A associação entre ansiedade e demência pode ser parcialmente explicada pela ligação da primeira à doença vascular - uma das causas da demência - e aos efeitos nocivos nas células, segundo os especialistas.
O stress aumenta o cortisol no cérebro e a inflamação, e ambos matam as células nervosas, explica Tanzi, também diretor da unidade de investigação em genética e envelhecimento do Massachusetts General Hospital.
A ansiedade também está associada à acumulação de beta-amiloide, que é um sinal caraterístico da doença de Alzheimer, diz Khaing.
A doença também tem sido associada a alterações estruturais do cérebro "como a atrofia do cérebro e do hipocampo, processos que também estão associados à demência", acrescenta Khaing. A atrofia é o definhamento de um tecido ou de um órgão, nomeadamente devido à degeneração celular.
No entanto, o estudo "também pode sugerir a possibilidade de a ansiedade ser uma manifestação precoce de uma doença cerebral subjacente", continua Salinas, professor assistente clínico de neurologia na NYU Langone Health. "O declínio cognitivo precoce de alguém pode contribuir para a ansiedade de alguém (por exemplo, cometer erros ou ficar envergonhado em situações sociais)".
No início do estudo, os autores excluíram as pessoas que já apresentavam défice cognitivo, mas reconheceram que o declínio não detetado ainda é possível.
As pessoas com ansiedade também são mais propensas a fazer escolhas pouco saudáveis, como ter uma dieta pobre ou fumar, disseram os autores.
Gerir a ansiedade
A ansiedade é uma resposta normal aos fatores de stress, mas se for excessiva, "por favor, procure ajuda", aconselha Khaing.
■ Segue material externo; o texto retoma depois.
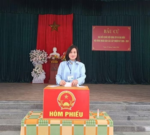 Bà Nguyễn Thị Hà, Phó bí thư Thường trực Đảng ủy xã Hoằng Tiến tham gia bỏ phiếu bầu cử. Bà Hà cho biết, trong ngày bầu cử, sau lễ khai mạc, lãnh đạo xã đã đi kiểm tra ở tất cả các điểm bầu cử. Nhìn chung, công tác bầu cử tại địa phương diễn ra an toàn, đúng quy định, cử tri đi bầu sớm... |
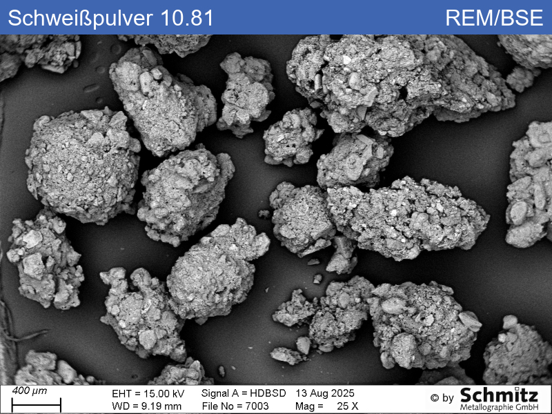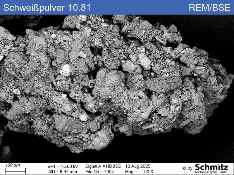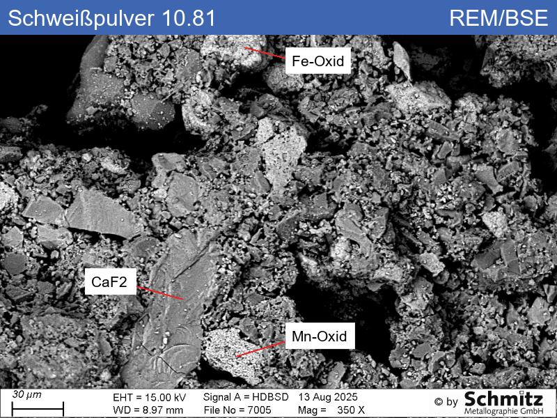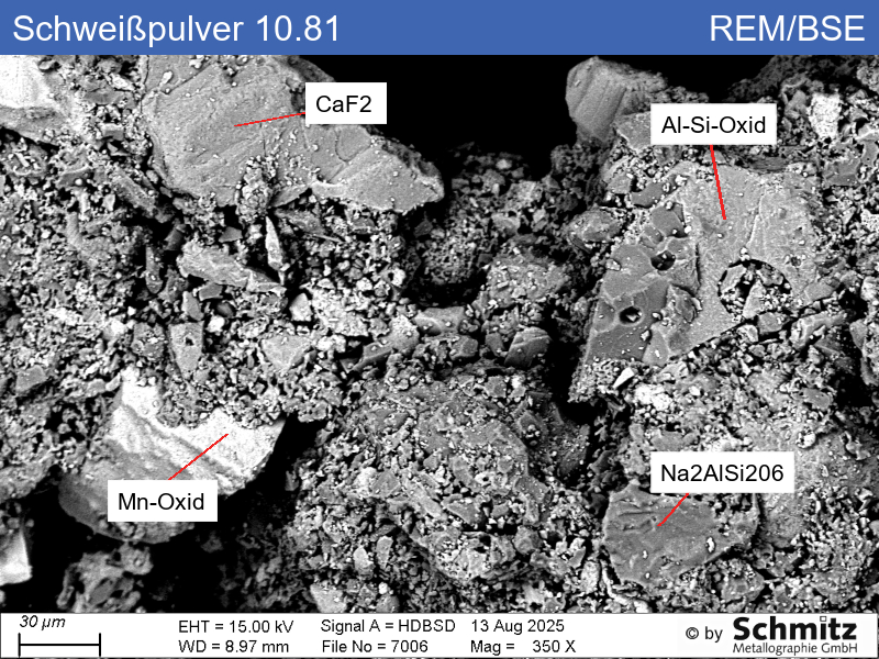 The powder melts during submerged arc welding and protects the seam from air ingress, eliminating the need for shielding gas. The agglomerated powder particles examined mainly contain Al, Mn and Si oxide. Specifically, small particles of Mn oxide, NaAlSi2O6, CaF2, TiO2, MgO, Fe oxide and SiO2 (among others) were identified.

Fale com o seu médico ou com um profissional de saúde mental sobre as suas opções, que podem incluir mudanças no estilo de vida , como a gestão do stress, uma dieta saudável, exercício físico e um sono melhor, que também influenciam separadamente o risco de demência, segundo os especialistas. As formas importantes de tratamento também incluem diferentes tipos de terapia ou medicamentos antidepressivos.
"Mas eu recomendo evitar certos medicamentos que prejudicam o cérebro, incluindo antidepressivos tricíclicos, benzodiazepinas e anti-histamínicos fortes", diz Finney.
A terapia cognitivo-comportamental é o tratamento de eleição para muitas perturbações de ansiedade. Funciona descobrindo "padrões de pensamento pouco saudáveis e como podem estar a causar comportamentos e crenças autodestrutivos", de acordo com a National Alliance on Mental Illness.
Além disso, "tente adotar uma prática de meditação e limite as expetativas dos outros e de si próprio para responder a emails, textos e redes sociais", sugere Tanzi. "Também recomendamos evitar as pessoas de quem realmente não gostamos e interagir com aquelas que têm um efeito positivo (...) no nosso bem-estar".
Tanzi sublinha que a ansiedade resulta do facto de as "partes mais antigas e primitivas" do nosso cérebro visarem apenas a sobrevivência.
"É importante tentar estar sempre atento e consciente de que o seu cérebro o está a intimidar para dar demasiada importância a essas necessidades de sobrevivência", afirma.